W związku z powyższym, zgoda na wynajęcie części ściany zewnętrznej na cele reklamowe musi zostać wyrażona uchwałą członków wspólnoty (przyjętą zwykłą większością głosów lub większością obliczoną według zasady „jeden właściciel - jeden głos”). Właściciele lokali głosujący nad taką uchwałą, powinni być dobrze poinformowani o: warunkach finansowych wynajmu, długości jego trwania, innych ważnych warunkach umowy, sposobie wykorzystania dodatkowych wpływów oraz parametrach technicznych reklamy. Wspomniana reklama na pewno nie może wpływać na warunki korzystania z lokali (powodując np. mniejsze nasłonecznienie). Nawet jeśli negatywny wpływ bilboardu na mieszkania i lokale użytkowe nie będzie odczuwalny, to nie można wykluczyć zaskarżenia uchwały do sądu na podstawie art. 25 ustawy o własności lokali.

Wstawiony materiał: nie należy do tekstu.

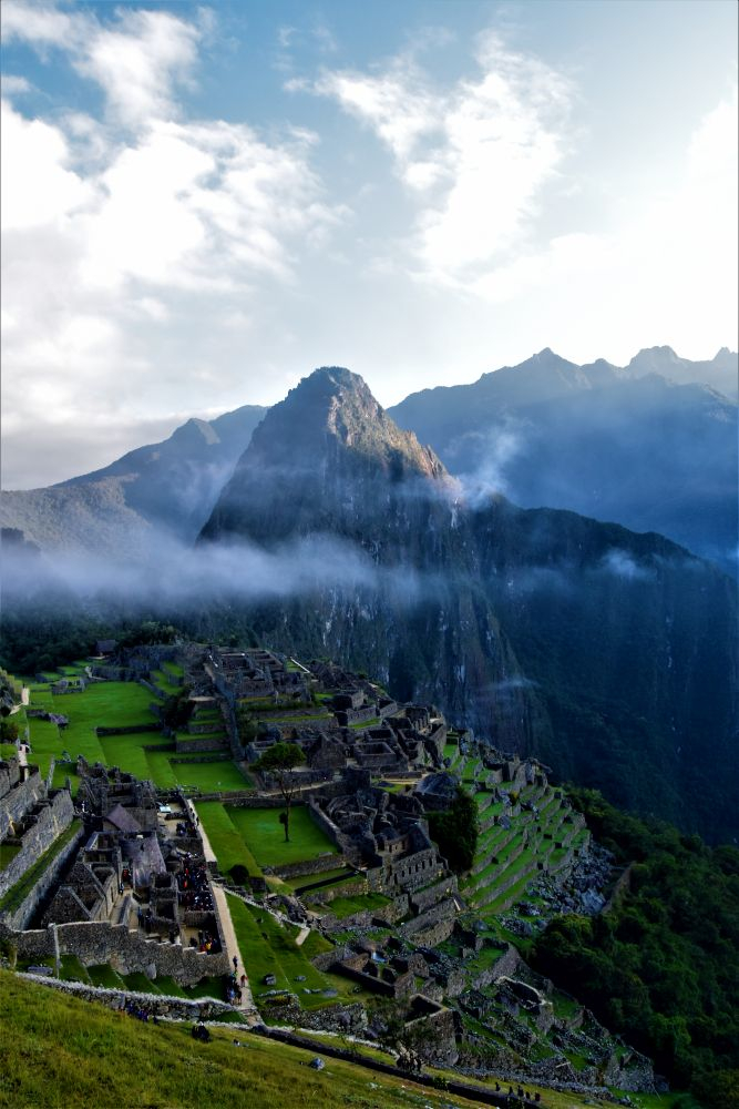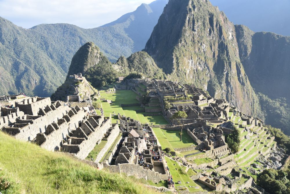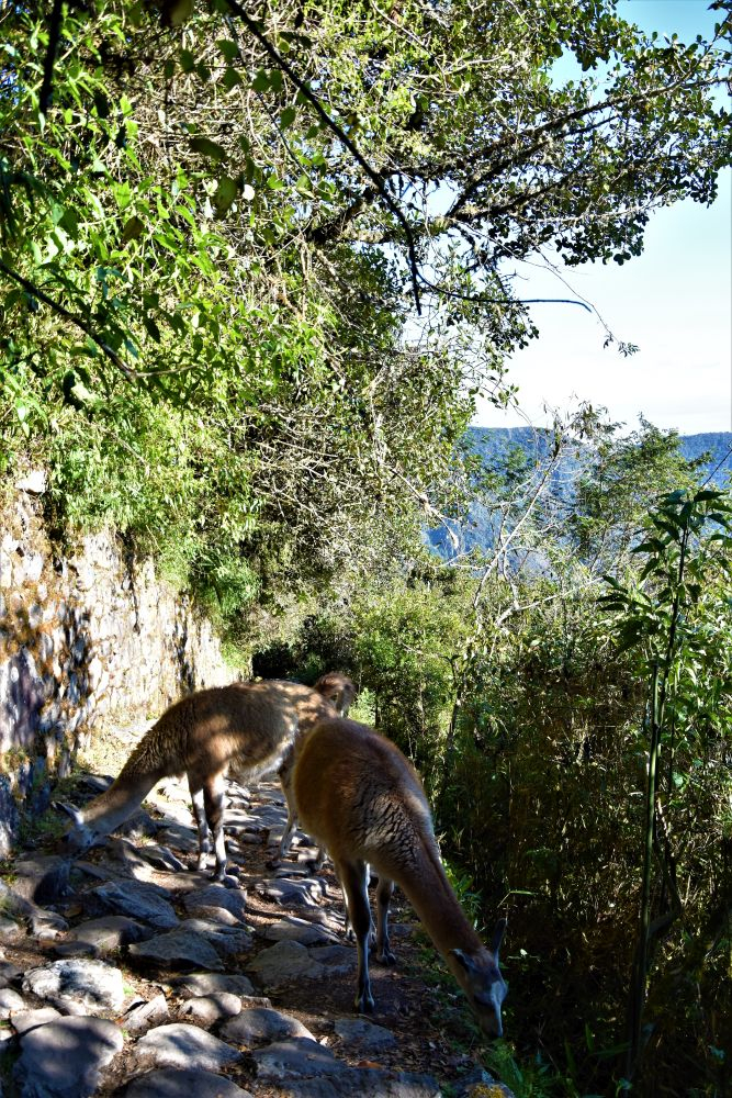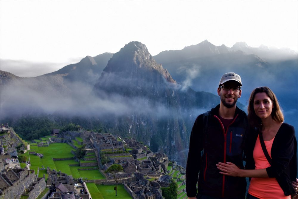 Ein kleines günstiges Hotel haben wir uns auch gebucht, da man Machu Picchu, sofern man selbst mit dem Auto bzw. zu Fuß anreist niemals an einem Tag schaffen kann. Bis 10 Kilometer vor Aguas Calientes kann man mit dem eigenen Auto fahren, danach geht nur ein Wanderweg weiter. Erwin konnten wir bei einem Restaurant für eine Nacht stehen lassen. Am ersten Tag wanderten wir also gemütlich am frühen Nachmittag los. Der Wanderweg nach Aguas Calientes ist wirklich lohnenswert. Man geht zwar immer an der Bahnstrecke entlang, jedoch kann man hier schon sehr viel Natur erleben und spart zudem die überteuerte Abzocke für die kurze Bahnfahrt. Wir kamen ungefähr 3 Stunden später in Aguas Calientes an und bezogen das Hotelzimmer. Aguas Calientes hat eine große Auswahl an Hotels, Hostels, Restaurants und Bars in allen Preisklassen. Nach einem leckeren Abendessen fielen wir auch schon ins Bett. Da wir das Vormittagsticket für Machu Picchu gekauft haben, mussten wir auch schon früh aufstehen. Um 4 Uhr klingelte der Wecker. Das Ticket ist ab 6 Uhr gültig und von Aguas Calientes muss man ja noch auf den Berg hoch kommen. Das geht entweder per Abzocke mit dem Bus (5 Minuten Fahrt für 25$ pro Person) oder zu Fuß über einen recht steilen Wanderweg. So marschierten wir nach dem Frühstück im Hotel, welches freundlicherweise schon ab 4:30 Uhr serviert wird los. Und der Weg hatte es in sich. Es ging in Treppenstufen fast senkrecht den Berg hinauf und wir waren richtig außer Atem als wir oben bei Machu Picchu angekommen sind. Doch als wir die Ruinen erblickten, war die Anstrengung schnell vergessen und wir waren wirklich überwältigt. Es ist einfach unglaublich wie die Inkas es damals nur geschafft haben, diese Stadt in den Berg zu bauen. Und noch viel unglaublicher ist, dass erst ein Teil von Machu Picchu freigelegt wurde. Die Präzision, mit der die gigantischen Mauern errichtet wurden ist atemberaubend. Ein Rundweg führte uns dann durch die gesamte Anlage. Umzingelt von tausenden Touristen und unfreundlichen Park-Rangern (Man darf nicht Essen auf den Grünflächen, man darf nur Sitzen – nicht liegen auf den Grünflächen, man darf nicht trinken auf dem Gelände und blablabla) Man glaubt nicht wie übermotiviert die Power-Ranger agieren können wenn man Ihnen ein UNESCO T-Shirt gibt. Bis ca. 14 Uhr haben wir uns die gesamte Anlage angesehen und Stephanie hat ungefähr 500000000 Fotos gemacht. Nachdem wir unsere Rucksäcke noch aus dem Hotel geholt haben, ging es die 10 Kilometer wieder zurück zu Erwin. Unser Fazit: Machu Picchu ist jede Anstrengung Wert. Abgesehen von den unglaublichen Preisen rund um den Ausflug, die sich in Grenzen halten wenn man viel Lauferei in Kauf nimmt, war Machu Picchu auf jeden Fall ein ganz großes Highlight unserer bisherigen Reise.

Spółdzielnia też nie powinna forsować wynajmu

Warto omówić analizowaną kwestię również w kontekście sytuacji spółdzielni, które są współwłaścicielami części wspólnych. Mowa o przypadku, w którym spółdzielnia posiada tylko część lokali z danego budynku i sprawuje zarząd na takich zasadach, jak w przypadku zarządu powierzonego. Jest to coraz częstszy przypadek w związku z powszechnym wykupem mieszkań spółdzielczych, który miał miejsce w poprzednich latach.

Trzeba pamiętać, że po nowelizacji ustawy o spółdzielniach mieszkaniowych z 2017 roku, spółdzielczy zarządca nie może już podejmować czynności przekraczających zakres zwykłego zarządu bez zgody i odpowiedniej uchwały większości właścicieli lokali. To rozwiązanie, sprawia, że spółdzielnia będąca współwłaścicielem części wspólnych nie może przeforsować np. wynajęcia części ściany pod reklamę bez zgody właścicieli mieszkań.